David Burrows, a sole practitioner, talked to LawZone about the reasons why he resigned from the SFLA over the group's stance on the controversial Proceeds of Crime Act 2002 (POCA). "The Law Society and the SFLA are both supporting the government against the very people they represent and I find that a very uncomfortable position for the group to be in," he said. Burrows says, the SFLA's own working party recommended challenging the government, however the group's national committee overturned that decision. Burrows is hoping to make an application in the administrative court "by way of seeking a declaration as to the meaning of the Act" in the next two to three weeks.
Divorce lawyers were alarmed at a High Court ruling last October by Dame Elizabeth Butler-Sloss in P v P , which confirmed that barristers and solicitors negotiating divorce settlements risked committing a criminal offence if they failed to report to the National Criminal Intelligence Service (NCIS) any suspicion that family assets resulted from tax evasion or social security fraud under POCA. At the time, Burrows was critical of the ruling which, he believed, weakened the duty of confidentiality to clients.

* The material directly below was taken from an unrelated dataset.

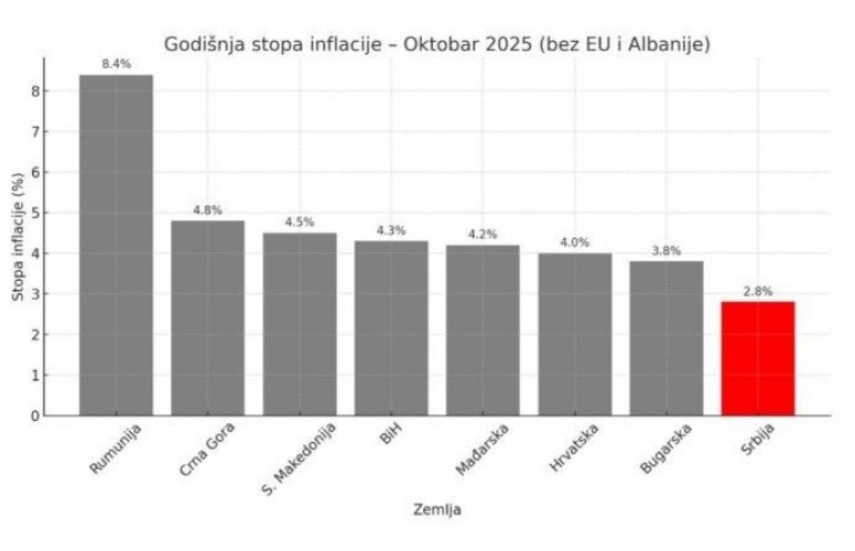 Sa inflacijom od svega 2,8%, nalazi se ispod većine susednih država, kao što su Bugarska (3,8%), Hrvatska (4,0%), Mađarska (4,2%) i Crna Gora (4,8%). Najvišu inflaciju beleži Rumunija, koja dostiže čak 8,4%, dok se većina zemalja regiona kreće iznad nivoa od 4%.
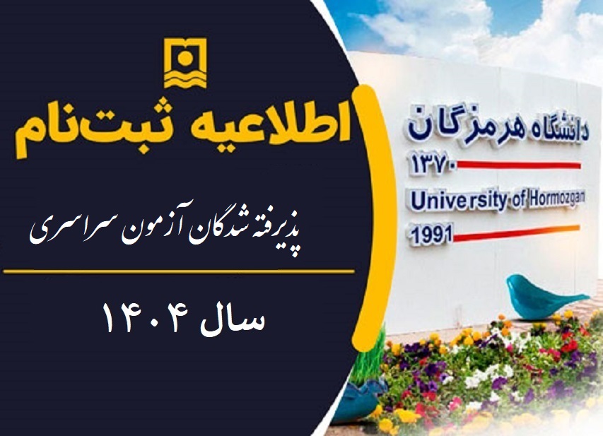راهنمای ثبت نام پذیرفته شدگان نهایی رشته های با آزمون و رشته های صرفاً با سوابق تحصیلی سال 1405-1404 دانشگاه هرمزگان (شهرستان بندرعباس) و مجتمع آموزش عالی میناب (محل تحصیل شهرستان میناب)

He told LawZone that solicitors might "lose some of the trust which is essential to the solicitor-client relationship", which was "regrettable".
Under the Act, the term 'criminal property' includes any benefit derived from committing a criminal offence, including fraud, drug dealing and tax evasion, irrespective of how little money is involved.
Burrows cites the example of one his own clients who he had to advise last week who had purchased a house, part paid for by cash. "Now, had she paid cash to help her builder evade tax or is it the builders' responsibility?" he asked. "I don't know the answer to that and, anyway, for solicitors to become government narks it isn't something that we have ever done before."
Louisa Cross, SFLA Communications Director, said that his decision was due to "differences of opinion" with the national committee over the best way to deal with the legislation. "There is widespread concern among family lawyers about the way in which the provisions of POCA interact with client confidentiality and legal professional privilege," she said. "David believes strongly that POCA should be challenged in the courts, and that SFLA should lead that challenge. The National Committee is of the view that for a number of reasons SFLA is not the appropriate body to do so."